Supplied material:
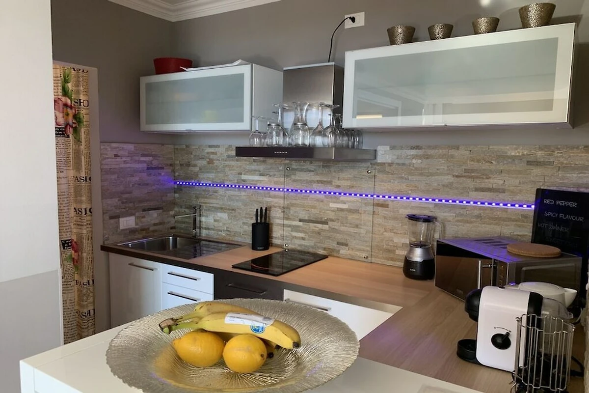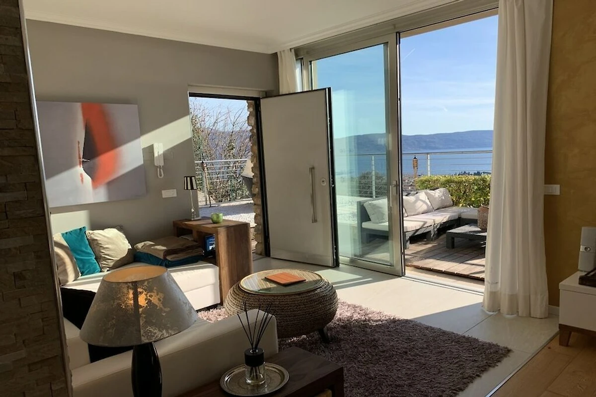 In der Ferienwohnung 1 Maderno gibt es ein großes Schlafzimmer mit Schrank, Doppelbett 160 x 200 cm und Terrasse und Seeblick sowie Smart TV, sowie ein weiteres Schlafzimmer mit Doppelbett 160 x 200 und Smart TV. Die Ferienwohnung befindet sich in einer wertigen, architektonisch außergewöhnlichen und modernen Anlage im Terrassenstiel und in der Form einer Limonaia in Toscolano-Maderno, Hanglage, inmitten eines Olivenhaines.
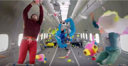 Видео начинается предупреждением о том, что оно снималось без применения спецэффектов. Кроме музыкантов в самолете, летящем в невесомости, находятся еще две ловкие девушки в костюмах стюардесс.
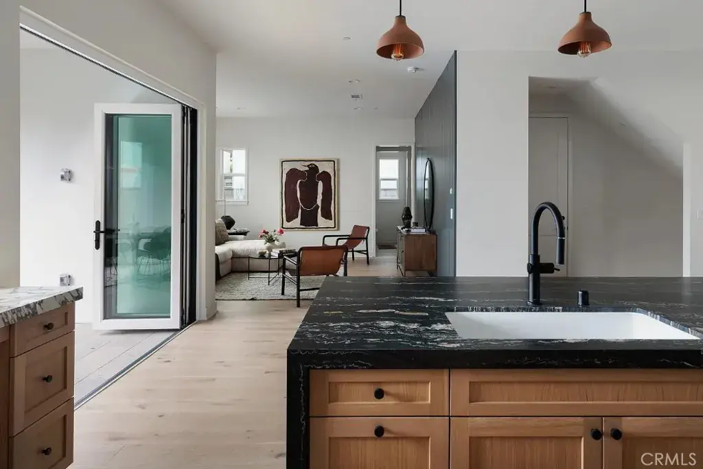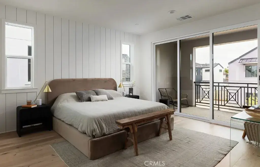 Only two of this plan ever built! Very unique home and design. NEW Two-Story Detached New Home with a quiet interior location of the community built by Bonanni Development – Residents have the choice of the highly acclaimed Huntington Beach or Fountain Valley School district! This exclusive enclave of detached homes is nearly sold out! This home has a large, two story front room with beamed ceilings and a picture window at the entry. The generous kitchen has a large island with pre-wire for your pendant lights included, light wood/beechwood shaker cabinets and thousands in designed selected upgrades including: quartz countertops, 3D White tile backsplash in kitchen, upscale GE Cafe series stainless steel appliances, with a GAS BURNING STOVE, microwave, dishwasher and refrigerator included! Plus a wonderful folding window and bar that leads to the private back yard. There is additional storage off the garage entry and a very private 1/2 bath. Upstairs you enjoy three en-suite bedrooms with upgraded quartz and tile included. The primary suite includes a huge walk-in shower with seat and the luxury of a bathtub and split lavatories. There is an owners sanctuary off the primary suite with it’s private deck. This is the ultimate in convenience and living with a large, upstairs laundry room with sink & countertops plus ample cabinetry for linen storage. Smell the fresh paint and new home warranty! Owners enjoy a private driveway into their two car, direct access garages with ample storage space.

What the task requires: Exactly as they appear, transcribe the lines from the top of the material above through the line with "Видео начинается предупреждением". Omit any picture.

Output below:
 In der Ferienwohnung 1 Maderno gibt es ein großes Schlafzimmer mit Schrank, Doppelbett 160 x 200 cm und Terrasse und Seeblick sowie Smart TV, sowie ein weiteres Schlafzimmer mit Doppelbett 160 x 200 und Smart TV. Die Ferienwohnung befindet sich in einer wertigen, architektonisch außergewöhnlichen und modernen Anlage im Terrassenstiel und in der Form einer Limonaia in Toscolano-Maderno, Hanglage, inmitten eines Olivenhaines.
 Видео начинается предупреждением о том, что оно снималось без применения спецэффектов. Кроме музыкантов в самолете, летящем в невесомости, находятся еще две ловкие девушки в костюмах стюардесс.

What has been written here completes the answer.